A. F. Doval1, B. N. Tran1, B. T. Lee1, O. Ganor2 1Beth Israel Deaconess Medical Center,Plastic And Reconstructive Surgery,Boston, MA, USA 2Boston’s Children Hospital,Plastic And Reconstructive Surgery,Boston, MA, USA
Introduction: Infants with a congenital discrepancy between external genitalia, gonadal, and chromosomal sex are classified as having a disorder of sexual development. The most common form of DSD with atypical genitalia is 46 XX with congenital adrenal hyperplasia; as such feminizing genitoplasty is the standard surgical correction. We examined the trends and outcomes of atypical genitalia surgery for DSD in pediatric population using American College of Surgeons National Surgical Quality Improvement Program (ACS-NSQIP).

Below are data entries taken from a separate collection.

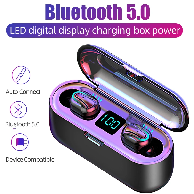 Беспроводные наушники bluetooth с 2000 мАч зарядным чехлом светодиодный дисплей TWS беспроводные наушники гарнитура для телефона с микрофоном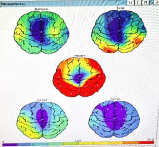 В последние десятилетия появились новые технологии исследования головного мозга: позитронно-эмиссионная томография, функциональная магнитно-резонансная томография, количественная электроэнцефалография и метод когнитивных вызванных потенциалов [5]. Для объективной оценки динамики функционального состояния головного мозга в процессе лечения адекватным и высокоинформативным является анализ параметров когнитивных вызванных потенциалов. На рисунке 6 представлены результаты исследования КВП пациента c болезнью Вильсона — Коновалова.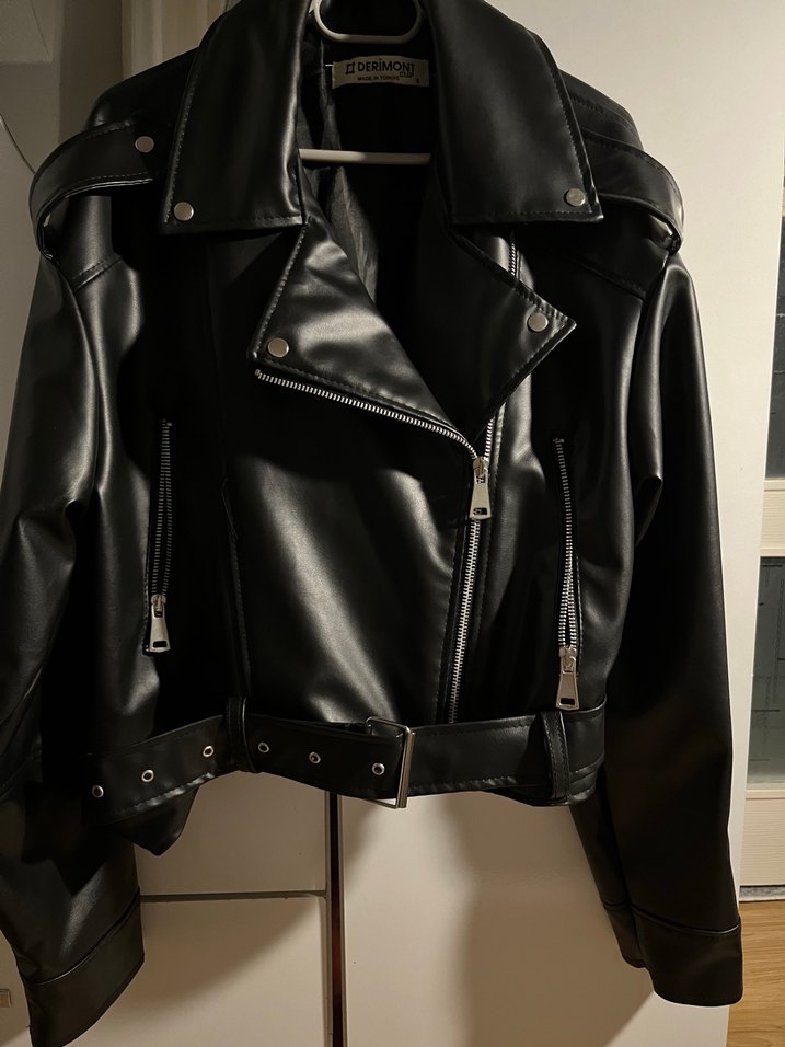 Siyah deri, notched lapel yakalı, askılı kollu ve tokalı detaylara sahip, fitted kesim biker ceket. Birkaç kez giyildi herhangi bir defosu yok.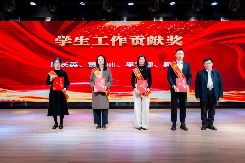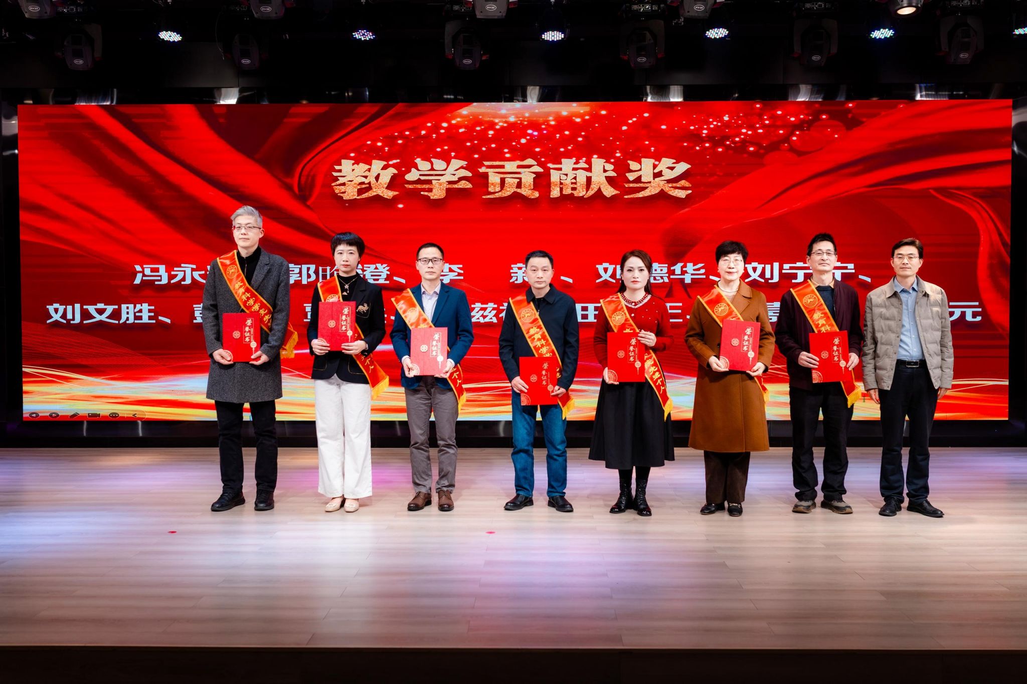 表彰环节成为本次活动的重要亮点。为表彰先进、树立榜样,学院对 2025 年度在人才培养、教学科研、党建管理、学生工作等领域表现突出的教职工进行隆重表彰,先后颁发了八大奖项。蔡荣华等 10 人获 “人才培养奖”,冯永辉等 12 人获 “教学贡献奖”,顾红磊等 10 人获 “科研贡献奖”,李新(女)等 3 人获 “党建贡献奖”,康丹等 6 人获 “管理贡献奖”,郭旭栋等 4 人获 “工会工作贡献奖”,段长英等 4 人获 “学生工作贡献奖”,蔺海沣等 4 人获 “师资建设奖”。与会领导为获奖教师颁奖,现场掌声雷动,充分展现了教科院教职工锐意进取、实干担当的精神风貌。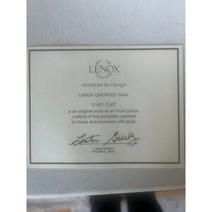The Lenox Irish Calf Figurine is an exquisite piece of artistry. Crafted from fine porcelain, it features hand-painted details and gold accents, embodying elegance and craftsmanship. The figurine's design reflects Lenox's dedication to quality and aesthetics, making it a valuable addition to any collection.New in box.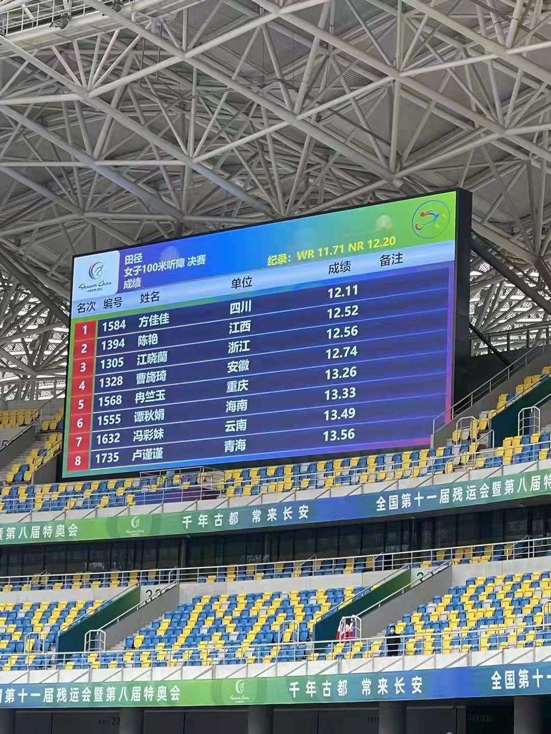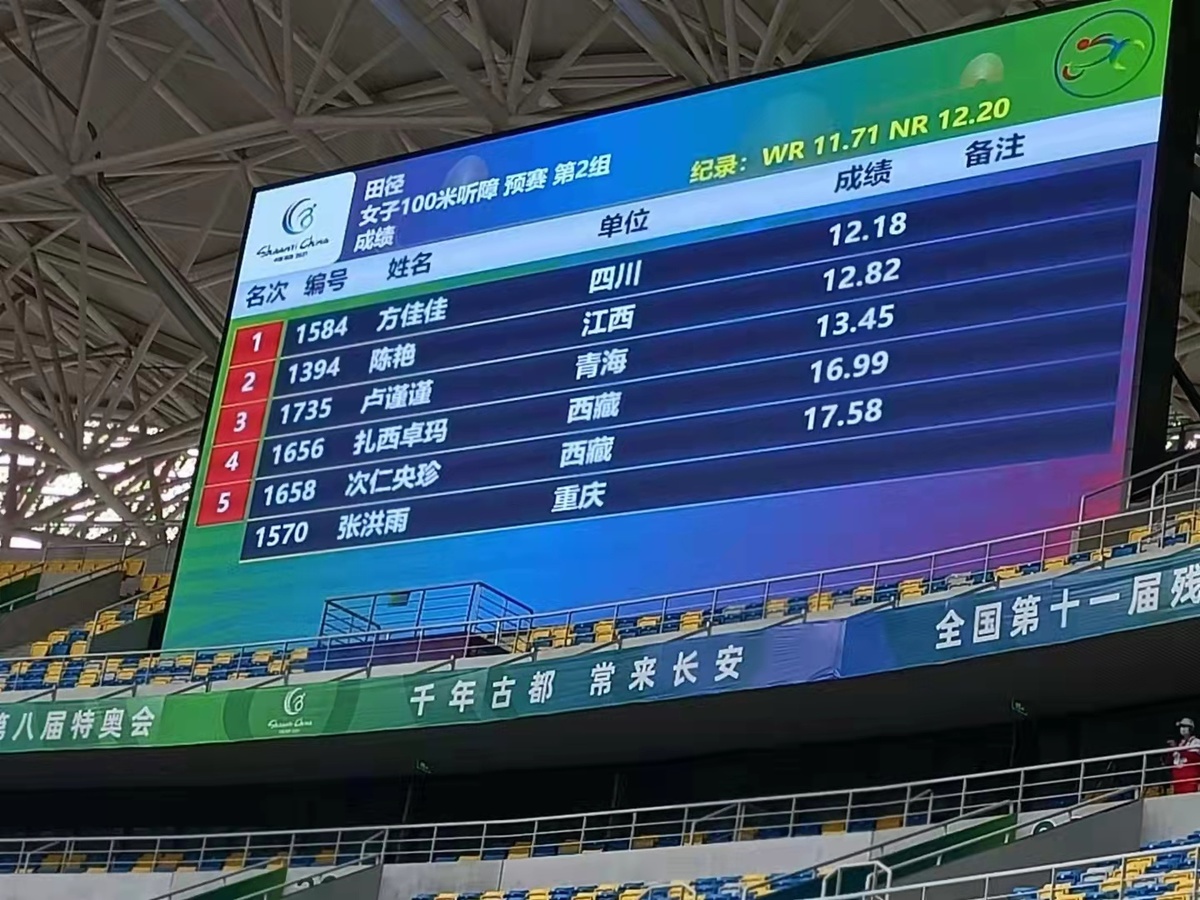 10月23日,第11届残运会第8届特奥会在陕西省全面展开。在残运会田径比赛中,来自四川德阳的00后小姑娘方佳佳第一次参加全国残运会就惊艳全场,她两次打破女子100米听障组全国纪录,并最终以12秒11摘得金牌,而小姑娘的梦想是,能够在本届比赛中拿到两枚金牌进入国家队。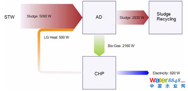 圖4 Energy Flows for Conventional AD with CHP and Land Recycling (1 kgDS/hour).

Methods: Infants with DSD were identified from NSQIP 2012-2015 using ICD 9 and 10 codes. Descriptive data about patients’ demographics, types of procedures, surgical specialty performing the surgery, and perioperative complications including bleeding, infection, wound dehiscence, unplanned reoperation, unplanned intubation, and readmission were obtained.
Results: 46 cases of DSD were identified. Most surgical correction occurred at 3-4 years of age in genetically female patients (65%). Types of reconstructive surgery included feminizing procedures (45.7% including vaginoplasty, clitoroplasty), masculinizing procedures (28.3% including laparoscopic procedure on testis, laparoscopic vaginal hysterectomy, penile repair, vaginectomy, laparoscopic TAH-BSO), or undetermined (26% including adjacent diagnostic laparoscopy, tissue transfer, excision of penile lesions, and enterostomy and external fistulization of intestines). Postoperative complications detailed 2 incidences of bleeding requiring transfusion, 1 of unplanned intubation, and 1 of prolonged hospitalization.
Conclusion: This study reaffirms the rising awareness of surgical intervention for disorders of sexual development. Most patients were genetically female with congenital adrenal hyperplasia and the most common reconstructive surgery was feminizing genitoplasty. Interestingly, the mean age of reconstruction reflected early genital surgery. Postoperative complications showed that atypical genitalia surgery is safe for pediatric population.